Re: xhtml Validator bug?

On Thu, 21 Oct 2004, Bjoern Hoehrmann wrote:

> ><script type="text/javascript" src="script.js" />
> >
> >It should be:
> >
> ><script type="text/javascript" src="script.js"></script>
>
> There is no specification that says so,

There is. The XML specification (which applies to all XML based languages
including XHTML) says:

"Empty-element tags MAY be used for any element which has no content,
whether or not it is declared using the keyword EMPTY. For
interoperability, the empty-element tag SHOULD be used, and SHOULD only be
used, for elements which are declared EMPTY."
   http://www.w3.org/TR/REC-xml/#sec-starttags

So it simultaneously says that the construct is allowed and should not be
used. And naturally this implies the statement "It should be: - -".
Well, for some values of "should". The XML specification's wordings are
somewhat strange, and "for compatibility" is defined as "describing a
non-binding recommendation"; but "should" itself means less than "shall".
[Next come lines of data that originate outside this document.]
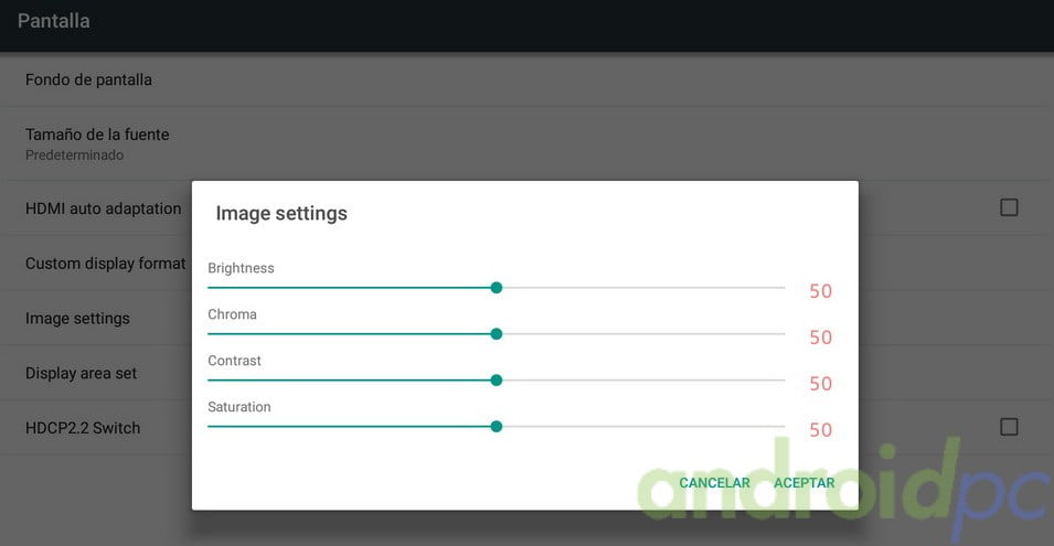 Dentro del menú Ajustes de Imagen tenemos controles para Luminosidad, Contraste, Tonalidad y Saturación, unos ajustes muy interesantes para dejar a nuestro gusto la imagen en pantalla, estos ajustes los tenemos tanto en Android como en el reproductor nativo.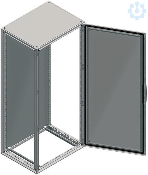 Spacial SF Anreihschrank Stahlgehäuse mit Volltür an der Vorderseite. Montiert. Verschraubte Rückwand. Ohne Montageplatte. 4-Punkt-Verschlusssystem mit Griff und 5 mm Doppelbartschliessung. Verzinkter Stahl für Rahmen und Stützen. Schutzart IP 55, IK10, Farbe RAL 7035. Inklusive 4 Halterungen für die Montageplatte.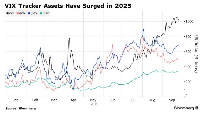 追蹤 Cboe 波動率指數 (VIX) 期貨表現的規模最大產品——巴克萊 iPath 標普 500 VIX 短期期貨交易所交易票據 (ETN),今年資產管理規模增長逾 300%,突破 10 億美元。這類產品的吸引力在於:若當前創紀錄的股市漲勢消退,市場波動性便會驟升,進而帶來可觀回報。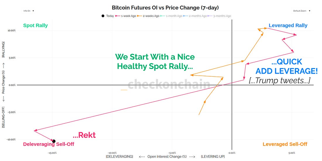 The short summary is, as the price rallied two weeks ago, the market added more and more leverage, expecting us to fly to $1M… …Instead, we sold off -12%, and open interest declined by such a massive amount, I had to adjust the default view of this chart to fit it in. Moving forwards, a healthy market structure will see trading more in the top left quadrant, and less on the right-hand side. Lines In The SandSo, in the aftermath of a pretty significant event, how does this affect the setup for Bitcoin moving forward? Readers will know that we have retained a core bullish stance; however, with key lines in the sand for where things are likely to deteriorate. The framework by which we think about the rolling over of a bull into a bear is as follows: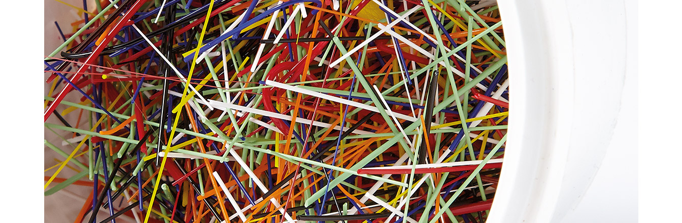 Threads are thin rods of enamel colours, available in opaque and transparent colours. which can be used for linear designs. Using tweezers, the threads can either be placed on the enamel powder prior to firing, or the fired enamel coated with Tramil (water-based gum) and the threads applied dried and refired.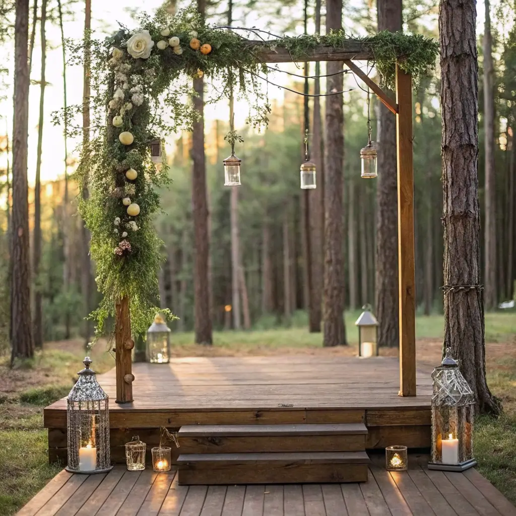 I attended a wedding last fall where they built this incredible hexagonal wooden frame. The contrast between the rough wood and delicate fairy lights wrapped around it created pure magic. It proved you don’t need flowers everywhere to make a statement.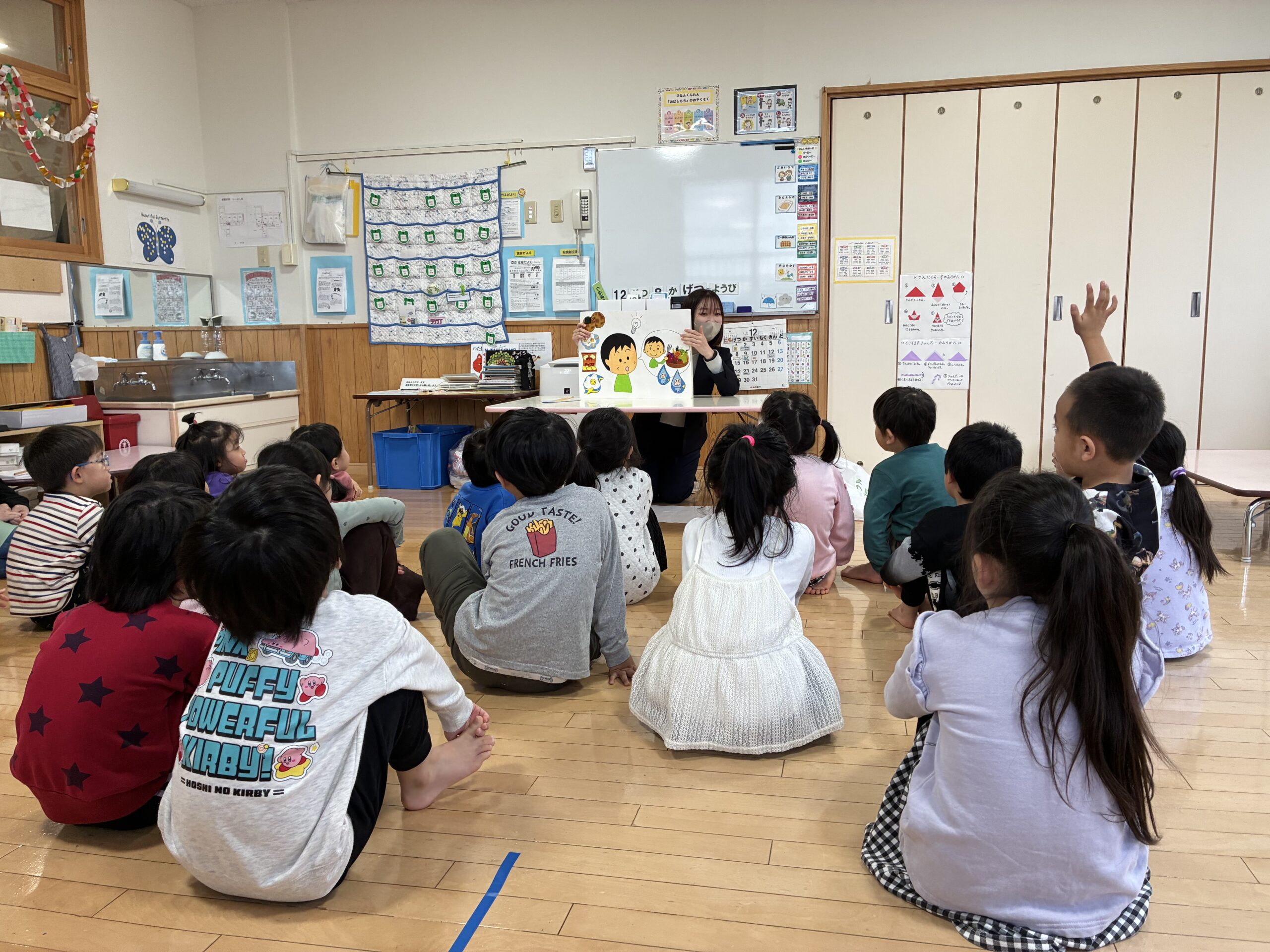 2025年12月8日(月)かんば認定こども園様にて栄養出前講座を行いました🍎 問いかけに対してまっす…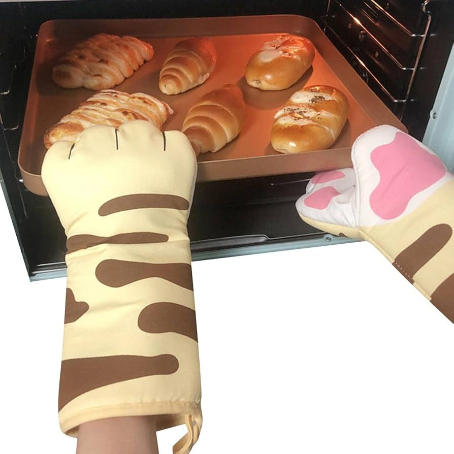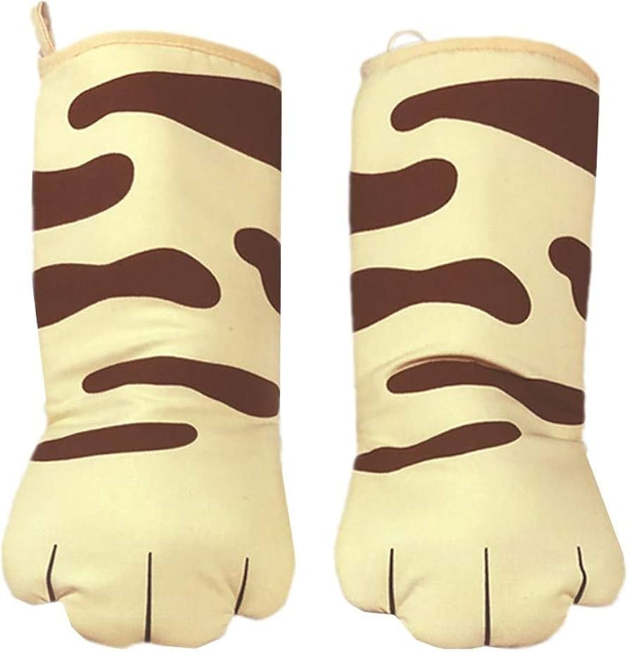 Manoplas para evitar quemaduras al manipular el horno o cualquier recipiente introducido en el, con forma evidentemente de patas de gatos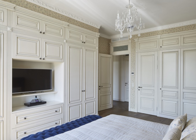 In Bezug auf die Höhe sollte der gesamte Wandschrank idealerweise bis zur Decke reichen. Manchmal gibt es auch Optionen mit Zwischengeschossen. Es ist auch sehr praktisch, weil Sie dort alle Dinge speichern können, die Sie gerade nicht brauchen.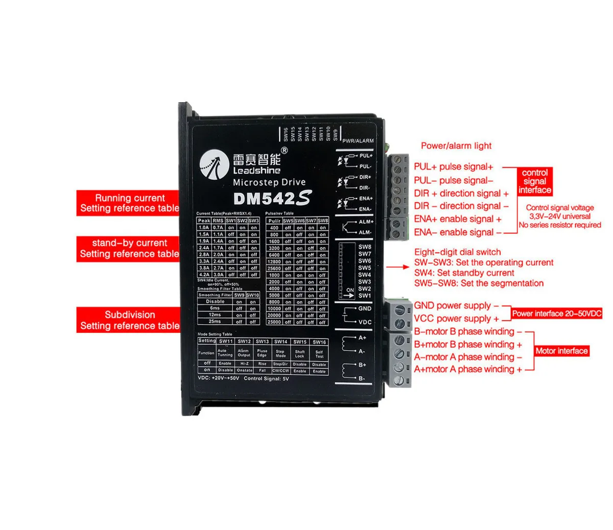 4. Может управляться DM542 DM542S DM542-V3.0 DM556 DM556S DM556-V3.0 DM556-CAN DM556-IO M542C M542 C-24 M556C M556C-24motor драйвер.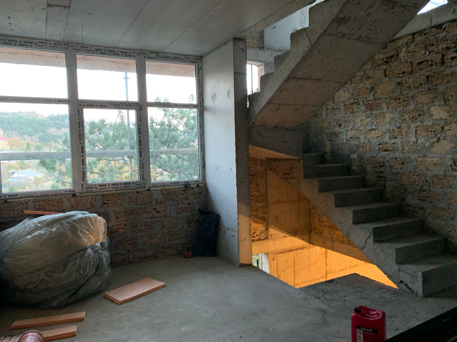 Находится на нулевом уровне. Вход в дом на первый этаж. В помещении можно обустроить прихожую, санузел, котельную, кухню.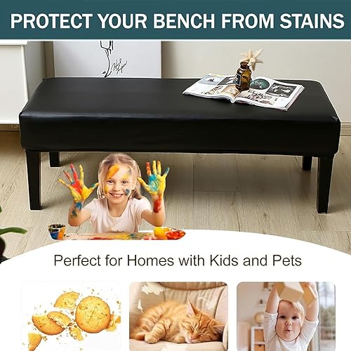 FZKun Housse de banc de salle à manger en cuir synthétique, extensible, imperméable, rembourrée, résistante aux taches et aux déversements, pour banc de salle à manger à coucher et cuisine (150 x 40 x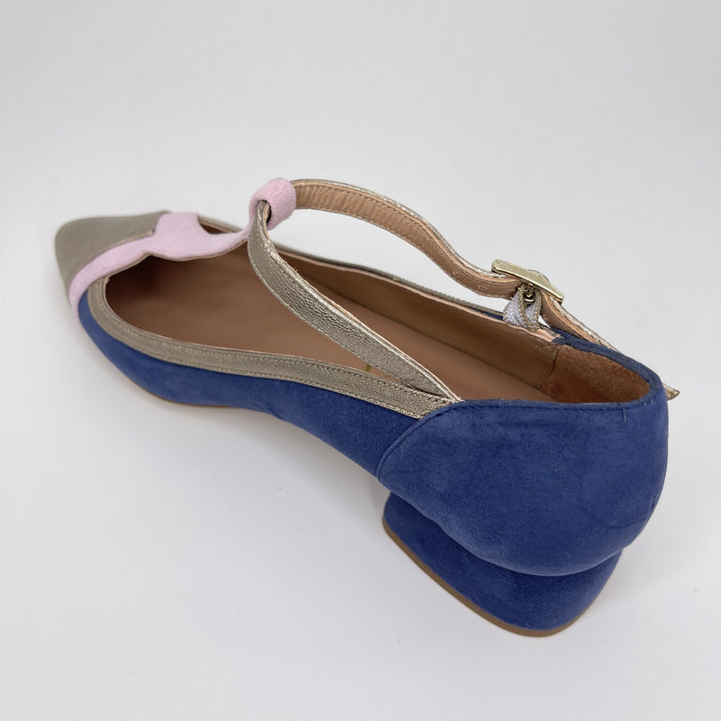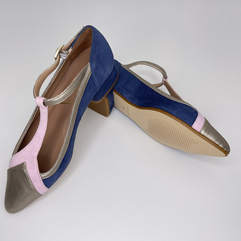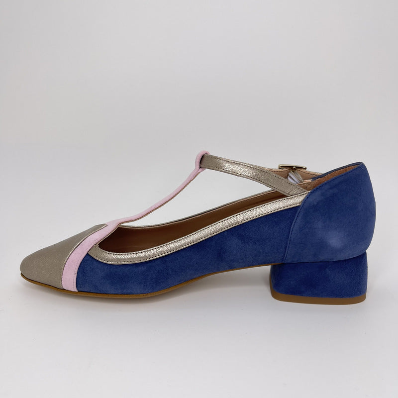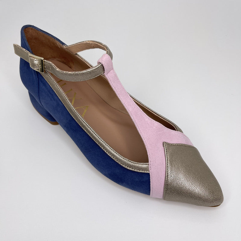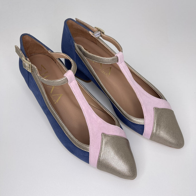 Merceditas de MIUXA que combina cuerpo en ante AZUL BÁLTICO con tira de pala en ante ROSA y puntera, ribete y tira de tobillo en piel laminada ONIX. Tacón redondeado de 3,5 cm forrado en ante al tono. Plantilla de piel acolchada. Suela de cuerolite.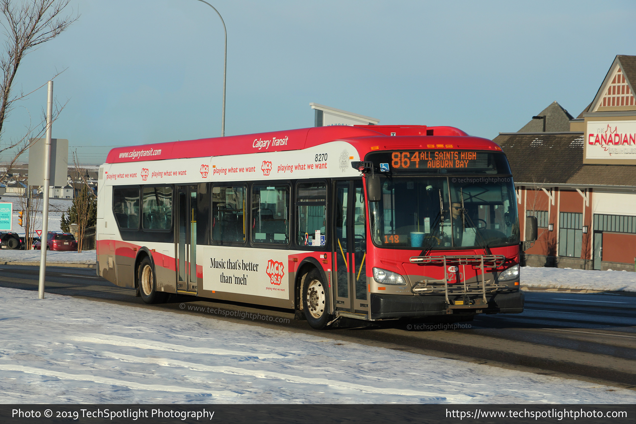 8270 is seen at 52 Street and Auburn Bay Drive SE while working Route 864 All Saints High / Auburn Bay. |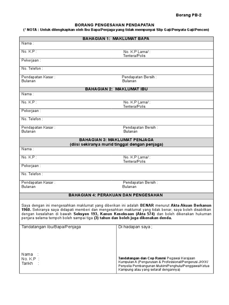 27 12 2018 Borang Pb2 Borang Pengesahan Pendapatan Pdf Pdf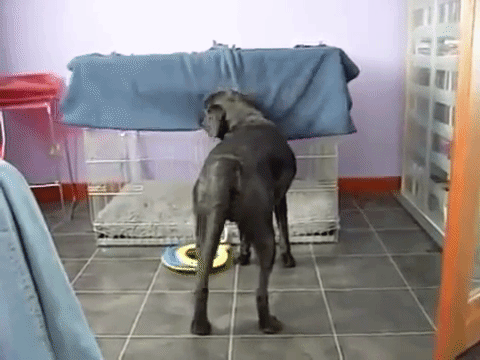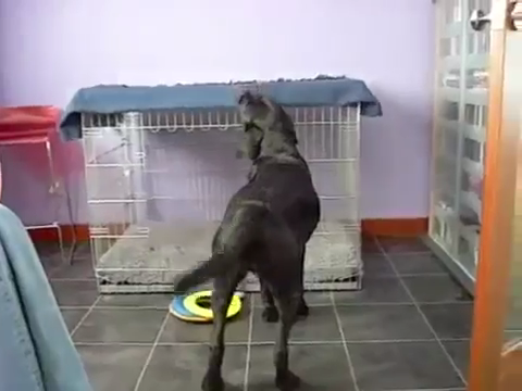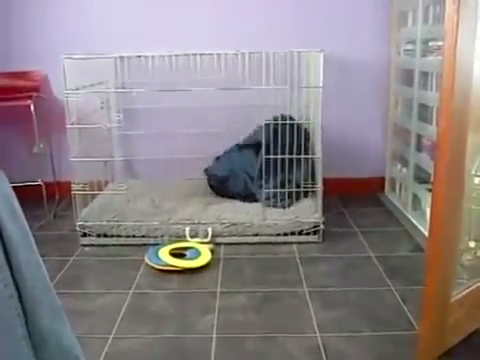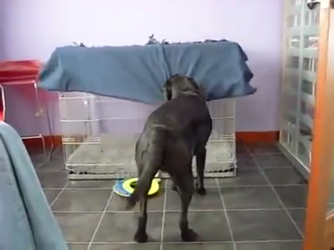 おもむろに、ケージのカバーをカプリとくわえるワンコ。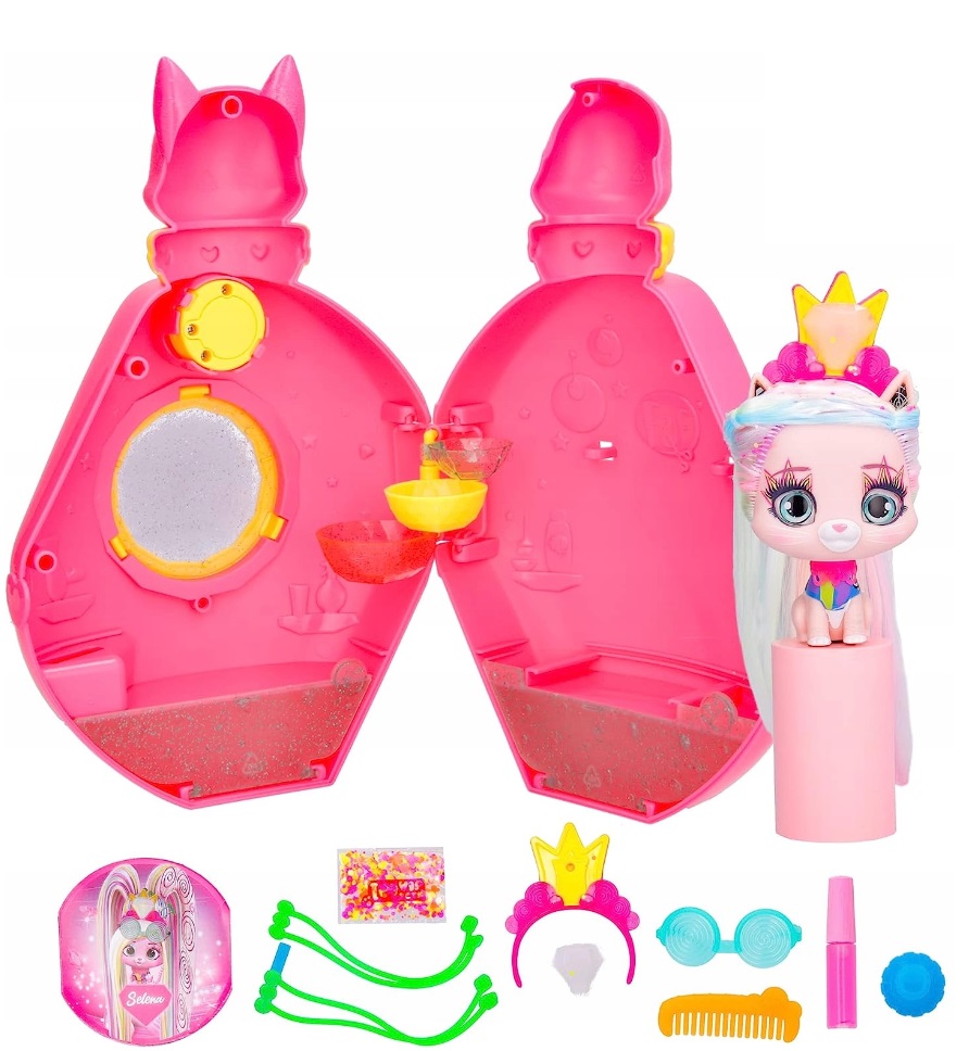 VIP Pets Cats to zupełnie nowa z kotkami! W serii jest 6 kotków do odkrycia. Każda figurka z serii cechuje się starannym wykonaniem oraz precyzyjnie dopracowanymi szczegółami. Kotki mają zachwycające długie włosy, w szałowych kolorach. Barwniki służące do farbowania włosów są nietoksyczne, dlatego nie istnieje żadne ryzyko wystąpienia alergii. Otwórz opakowanie i zapoznaj się ze swoim pupilem i odkryj 10 niespodzianek. Każdy z kotków posiada inny zestaw akcesoriów oraz akcesoria do stylizacji fryzur. Dodatkowo do każdego zestawu dołączony jest mini poradnik, który krok po kroku przeprowadzi przez proces tworzenia wystrzałowej fryzury.

> the HTML Working Group only
> shared their observation that using the latter works better in HTML user
> agents for which it follows that if that is a concern, you are better
> off using the latter.

And the XML specification says basically the same in a more general
framework.

> While such observations are indeed of some use,
> there is nothing wrong with not reporting such observations, so this is
> not a bug.

Indeed. And reporting an error when there is no markup error, as defined
by the formal rules of SGML or XML and by the DTD used, would be a bug.